Пекарский Петр Петрович (1828–1872), академик Императорской академии наук
Еще более ярко это самое свойство, — продолжает Вернадский, — проявляется в том еще не законченном движении, которое идет сейчас в нашем народном самосознании — в понимании нашего творчества в живописи и в зодчестве… В этом проникновении в художественную старину выявилась перед нами совершенно почти забытая, во всяком случае, совершенно не осознанная полоса огромного народного художественного творчества. В русской иконописи и в связанном с ней искусстве открылось явление, длившееся столетия (от XII до XVII века), — расцвет великого художественного творчества, стоящий наряду с эпохами искусства, мировое значение которых всеми признано. Перед нашими удивленными взорами открывается великое творчество того же порядка, как и русская литература, совершенно забытое, восстанавливаемое и оживляющееся, как в эпоху Возрождения из земли возвращалось в своих остатках античное зодчество и скульптура»[3].
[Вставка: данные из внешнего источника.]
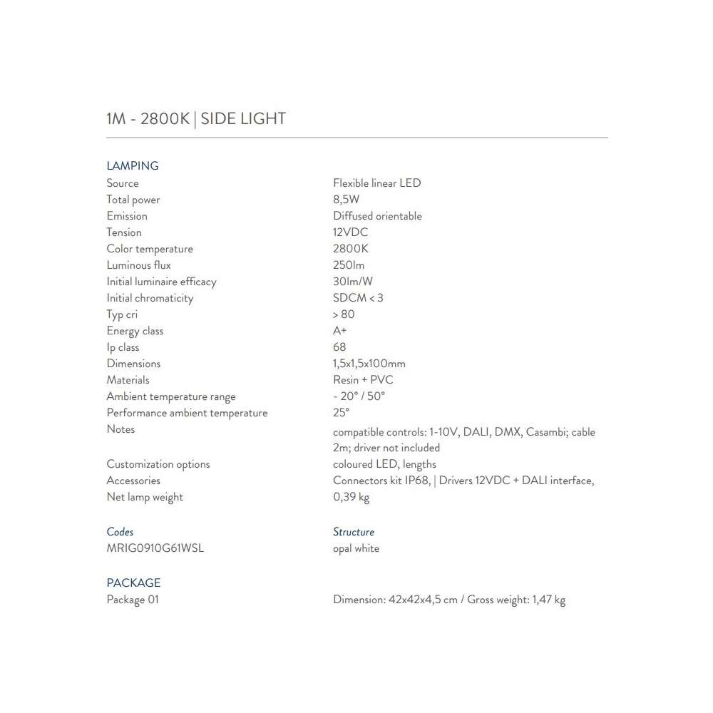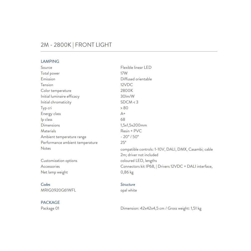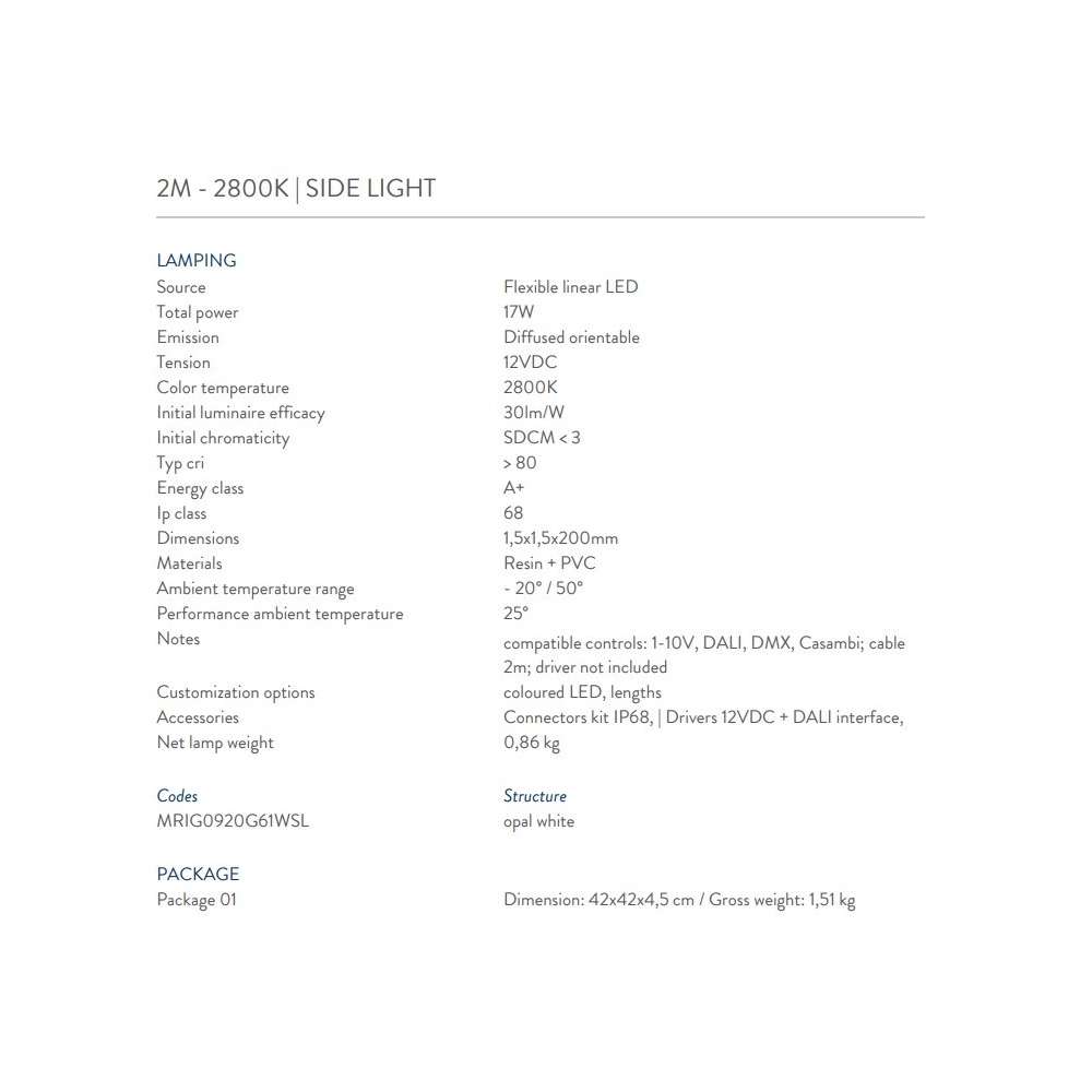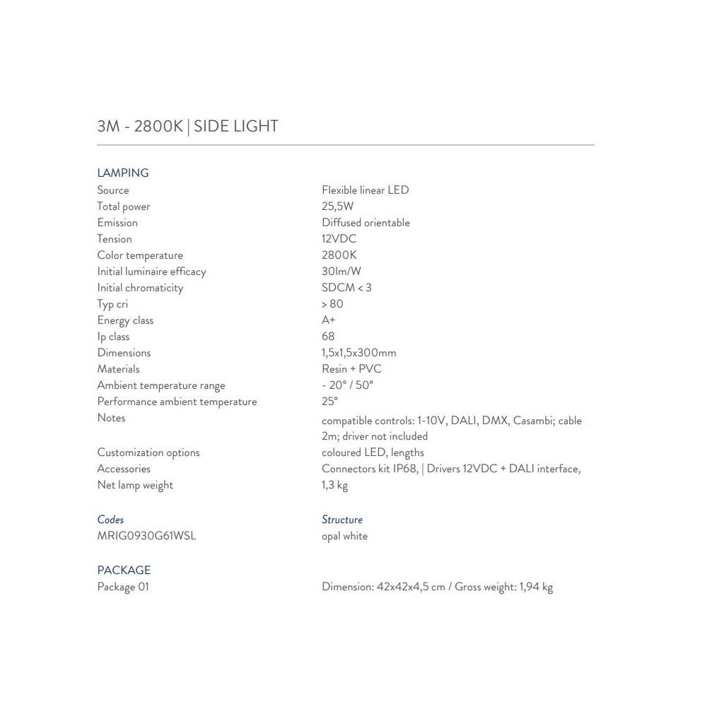 RIGA to rodzina produktów z wyborem elastycznych taśm LED do użytku zewnętrznego, szczególnie nadających się do oświetlenia dekoracyjnego. Riga składa się z taśmy LED 12V osadzonej w białym profilu PCV i zatopionej w opalizującej żywicy poliuretanowej, wyjątkowo odpornej na wszelkie warunki pogodowe io doskonałej stabilności na promienie UV. Emituje światło z przodu lub z boku w zależności od krzywizny taśmy LED.

Итак, В. И. Вернадский усматривает «удивительные», «небывалые» черты «истории нашего народа» в том, что даже величайшие достижения осознаются с большим или же громадным (в несколько столетий!) запозданием, да еще и чуть ли не по инициативе извне, с Запада… Этот тезис о «небывалом» — то есть не свойственном ни одной стране, кроме России, — запаздывании в осознанности собственных достижений или даже необходимости «восстанавливать», «возрождать» как бы умершие, ушедшие в «землю» ценности вроде бы можно оспорить.
Икона Архангела Гавриила из деисусного чина (Ангел Златые власы). Новгород. Дерево, темпера. 48,8 х 39 см. 2-я пол. XII века (Русский музей, Санкт-Петербург)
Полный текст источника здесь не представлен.